The current definition of domestic violence is "any incident of threatening behavior, or abuse between adults who are or have been intimate partners or family members, regardless of gender or sexuality." That definition was adopted in 2004.
However, in March 2013 the definition will include "coercive control," and will apply to teens between the ages of 16 and 17. That means any form of controlling behavior will classify as domestic abuse.
According to the Co-ordinated Action Against Domestic Abuse (Caada) charity, there were 183 domestic violence cases with teens under the age of 18. The information collected demonstrated teenage victims experience the same level of violence as adult victims. Additionally, one-fifth of victims were pregnant and experienced additional problems and 62 percent of victims were at risk for fatal harm and even death.
The Home Office, which is responsible for immigration, security and law and order in the UK, stated more prosecutions could be a result of the new definition.
The World Health Organization reports between 15 and 71 percent of women experience physical or sexual violence by an intimate partner.
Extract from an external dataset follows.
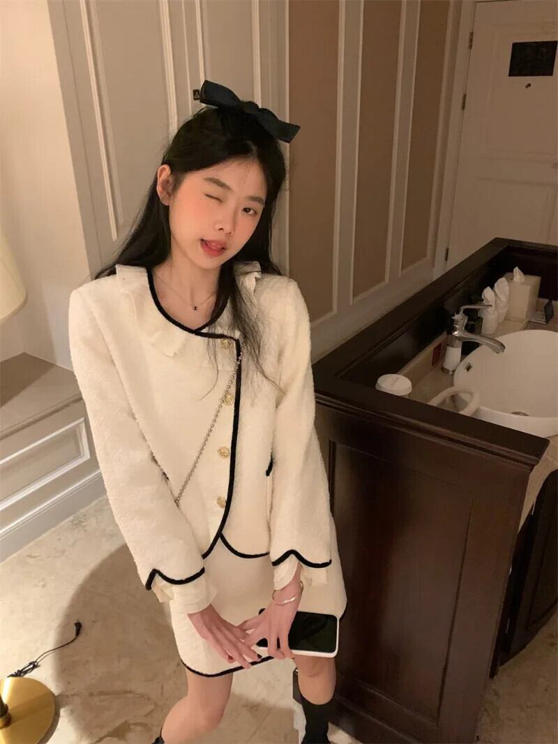 フレンチスタイルツイードスーツ秋シングルブレストコントラストコートトップミニスカートツーピースセット オータム 秋物
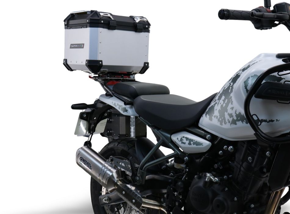 Top case GPR TECH compatible with Royal Enfield Himalayan 450 2024/2025 e5 Plus Top Case Alpitech en aluminium, couleur noire avec plaque spécifique incluse Capacité Litres 35

The Association of Chief Police Officers stated an average of two women a week and one many every 17 days are murdered by a current or former intimate partner.
"The amendments to the definition are key in helping to raise awareness and enable effective prevention working in partnership with all agencies," said Carmel Napier, Chief Constable of Gwent police. "Domestic abuse ruins lives. In some cases it ends in homicide. This amended definition will help us all to work together to defeat this dreadful crime."
A former domestic violence victim who experienced her first domestic abuse at 13-years-old said, "If the services were in place I might have got the help I needed at a much earlier age."